• lobular carcinoma in situ;
  • breast;
  • cytology;
  • fine needle aspiration


Lobular carcinoma in situ (LCIS) of the breast is a recognized marker for increased risk of invasive carcinoma and has well-established histologic criteria. However, its detection and diagnosis on FNA of breast has not been well defined. Cytology slides (all ThinPrep®) of 11 cases with biopsy-proven LCIS at Beth Israel Deaconess Medical Center were reviewed.
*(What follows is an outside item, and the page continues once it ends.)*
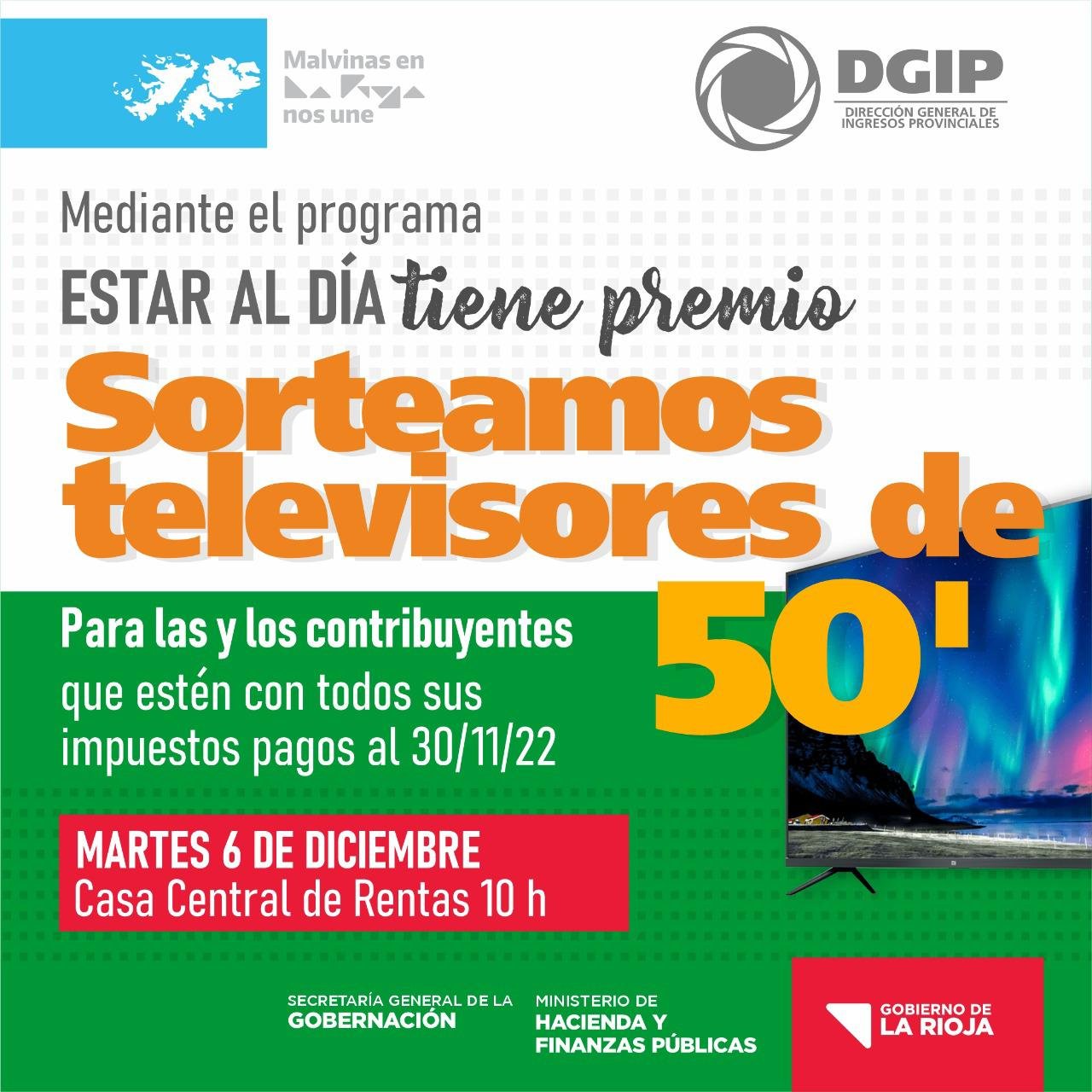 El Ministerio de Hacienda y Finanzas Públicas junto a la Secretaría General de la Gobernación, por medio del Programa “Estar al día tiene premio» comunican que se llevará a cabo un nuevo sorteo de televisores Smart de 55¨

All 11 cases showed tight and/or loosely cohesive clusters of crowded mildly enlarged nuclei and ten of 11 showed at least moderate cellularity. Single epithelial cells, small but prominent nucleoli, intracytoplasmic lumina, and two distinct epithelial-cell populations were also noted in some cases. As none of these features is specific for LCIS, it would be prudent to report such lesions as atypical so that a core biopsy or excisional biopsy will be performed before definitive treatment. The original FNA diagnosis of the 11 cases ranged from epithelial proliferation without atypia to carcinoma. Three of the 11 cases had fibroadenomas on histology with extensive involvement by LCIS. Since management for LCIS is different from that for invasive carcinoma or DCIS, it should be considered and distinguished from the latter two in cases suspicious for carcinoma on FNA. Diagn. Cytopathol. 2005;32:276–280. © 2005 Wiley-Liss, Inc.